Monday, 7 April 2025

Have you seen the Sky?


“Twinkle twinkle little star, how I wonder what you are, Up above the world so high, like a diamond in the sky!”

No, I’m not reciting the nursery rhyme…these lines popped into my head as I stared into the sky at 2am.

Have you ever looked at the sky late at night, when everyone is fast asleep, no soul on the street and no sounds from anywhere? I did this last week and trust me it changed a little.

I am not the philosophical types; definitely not a deep thinker…but have you ever seen the sky post 2pm?

All alone with just a few stars and clouds to give it company, the sky still feels lonely. Not a single bird or plane in sight, it spreads through the vast universe covered in stars…stars that hold secrets. Secrets that they share, the sky and the stars.

Looking at the sky, made me realize…we all look for beauty everywhere else; but have you seen the sky post 2pm?

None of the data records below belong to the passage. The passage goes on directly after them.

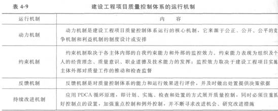 建設(shè)工程項(xiàng)目質(zhì)量控制體系的運(yùn)行機(jī)制見(jiàn)表4-9.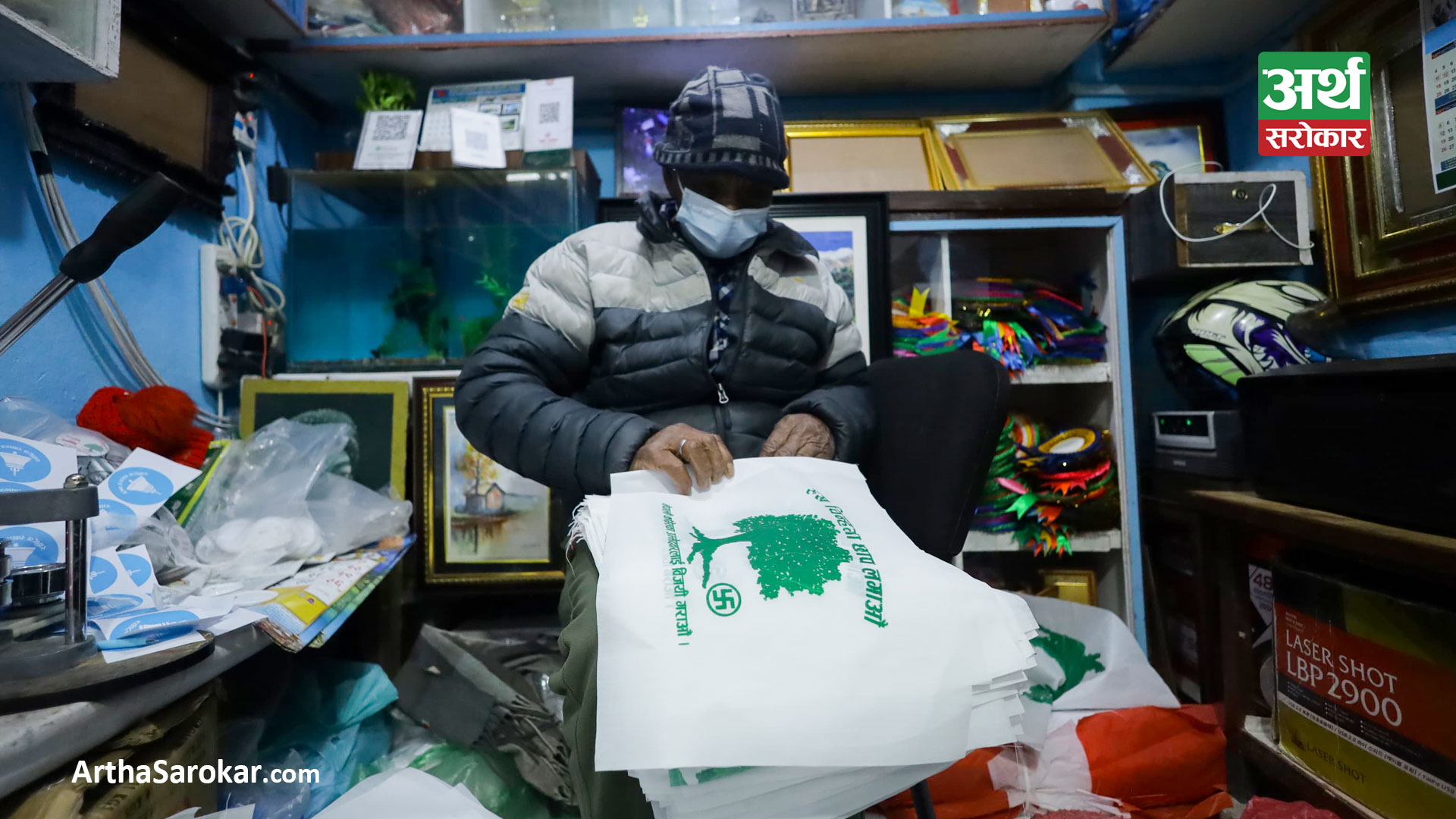 निर्वाचन प्रचारप्रसारमा दलका झण्डा र प्रचार सामग्री प्रयोगमा निर्वाचन आयोगले कडाइ गरेका कारण अर्डर कम आएको हुन सक्ने व्यवसायीहरुको अनुमान छ । बाँकी तस्विरमा हेर्नुहोस्ः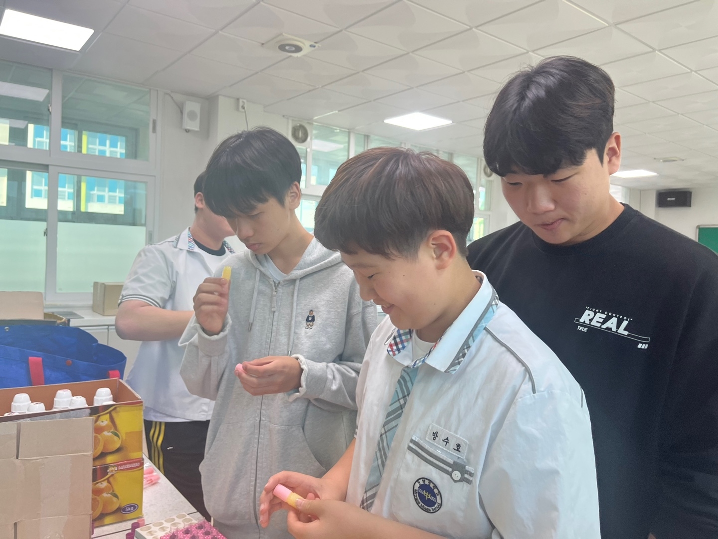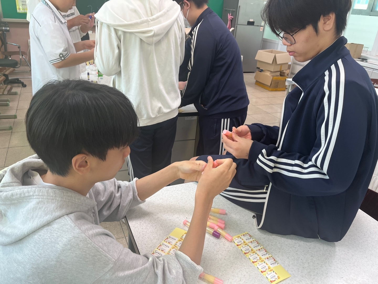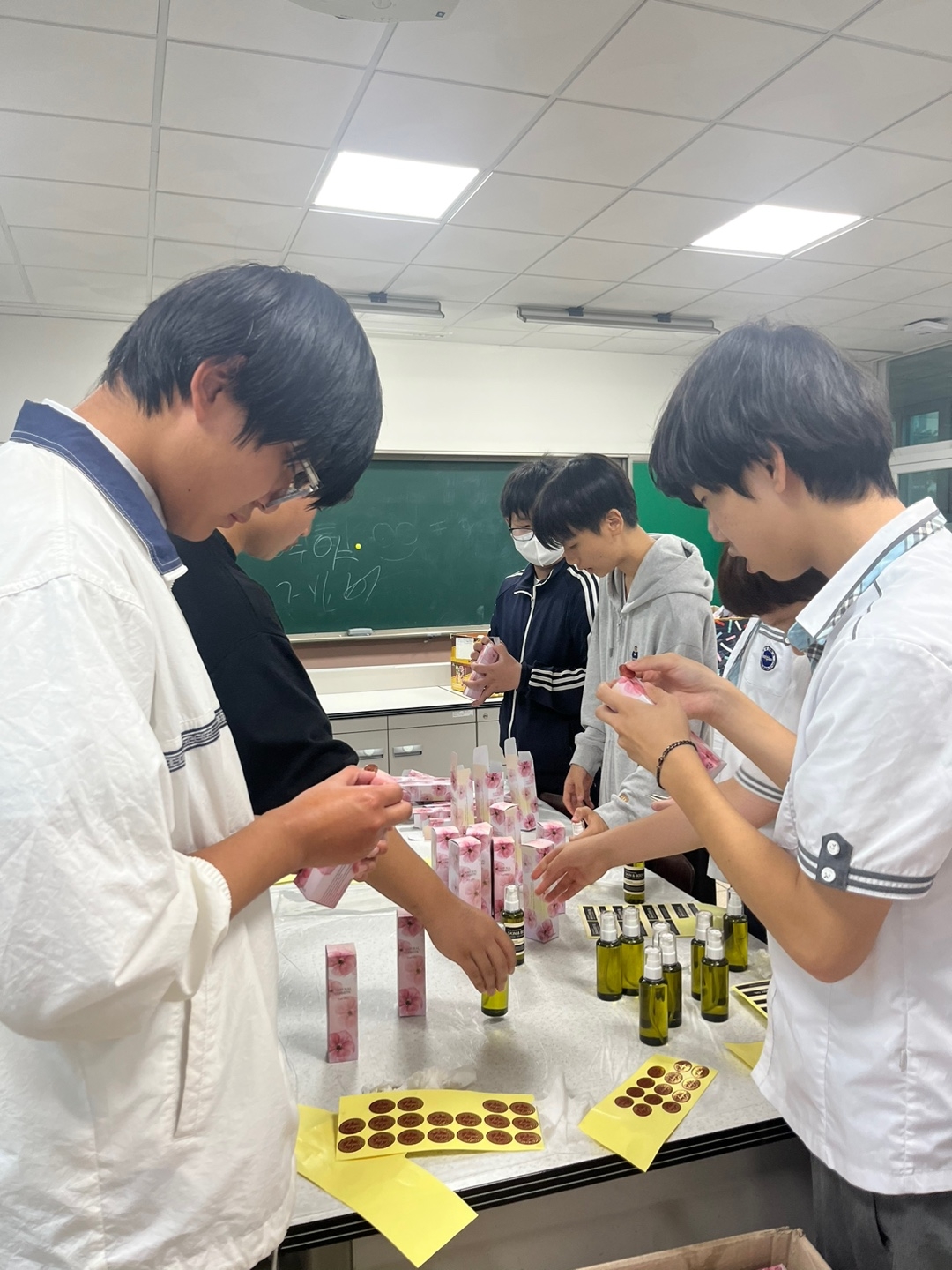 교육복지우선지원사업 중 공동사업으로 관내 5개교 학생들이 위생용품을 만들어 필요한 곳에 매년 기부하고 있습니다. 밀양중학교에서는 올해 바디오일과 립밤을 만들었습니다. 밀양중 학생들이 만든 물품과 더불어 밀양여중, 세종중, 밀성초, 밀성중 학생들이 만든 디퓨저, 향수, 물파스, 비누를 밀양드림스타트에 기부하였습니다. 함께 참여한 학생들은 나눔의 기쁨을 알아가는 귀한 시간을 가졌습니다.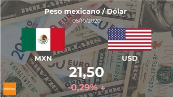 El dólar estadounidense se cotiza a las 12:01 horas a 21,50 pesos mexicanos, lo que implicó una bajada del 0,29% si se compara con los 21,56 pesos mexicanos de la jornada previa.

The sky reminded me of Vincent Van Gogh’s famous painting, “The starry night”..with the stars, as radiating orbs spread across the sky with clouds swirls. The sky doesn’t know how many stars it holds, each star bigger than the other and yet they all live harmoniously together…so why can’t we live like the stars?

Now, I am no motivational speaker, or a Tedx Talk speaker, but have you seen the sky post 2pm?

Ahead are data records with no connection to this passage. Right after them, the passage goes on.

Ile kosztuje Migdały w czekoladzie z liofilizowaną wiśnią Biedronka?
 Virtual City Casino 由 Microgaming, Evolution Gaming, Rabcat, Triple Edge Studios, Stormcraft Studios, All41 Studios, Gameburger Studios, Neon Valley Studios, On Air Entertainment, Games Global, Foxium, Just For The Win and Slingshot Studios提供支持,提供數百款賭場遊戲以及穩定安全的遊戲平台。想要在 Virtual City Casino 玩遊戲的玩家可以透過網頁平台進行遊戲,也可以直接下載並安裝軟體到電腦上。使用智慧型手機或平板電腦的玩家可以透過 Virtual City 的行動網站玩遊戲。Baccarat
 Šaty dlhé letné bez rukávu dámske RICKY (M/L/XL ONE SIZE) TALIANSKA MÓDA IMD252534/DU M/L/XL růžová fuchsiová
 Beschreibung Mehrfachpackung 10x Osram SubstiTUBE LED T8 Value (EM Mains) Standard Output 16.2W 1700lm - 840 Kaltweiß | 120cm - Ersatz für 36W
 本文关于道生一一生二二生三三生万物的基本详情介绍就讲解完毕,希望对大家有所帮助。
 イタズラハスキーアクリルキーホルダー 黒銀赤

It somehow soothes you, makes you realize that you are brave and strong! You have come a long way from where you were and that the sky is the limit and the stars are always there to guide you when you feel lost. Just how stars shine brightly, so are you shining brightly in your own way!

I am not a writer or a poet, but have you seen the sky post 2pm?

The beauty of the stars can make just about anyone a poet or a singer or even a writer. the silence all around and the massive sky in all darkness with just a few stars twinkling, makes you realize that even in pure darkness, there is light, there is hope and we just have to find that and never let go!

With music playing in the background, my mind takes me places in my past…now, I am not depressed, anxious or troubled; but have you seen the sky post 2am?

The stars are at home in the sky, it took me back to my childhood home, all the decisions and choices I made since then and where they have brought me today. All the houses that were once a home to me and now are just places in memory. I know I will never regret any choices I made, for they made me who I am, a star in my own way, in my own sky!

Like I said, I am not a philosopher, but have you seen the sky post 2pm?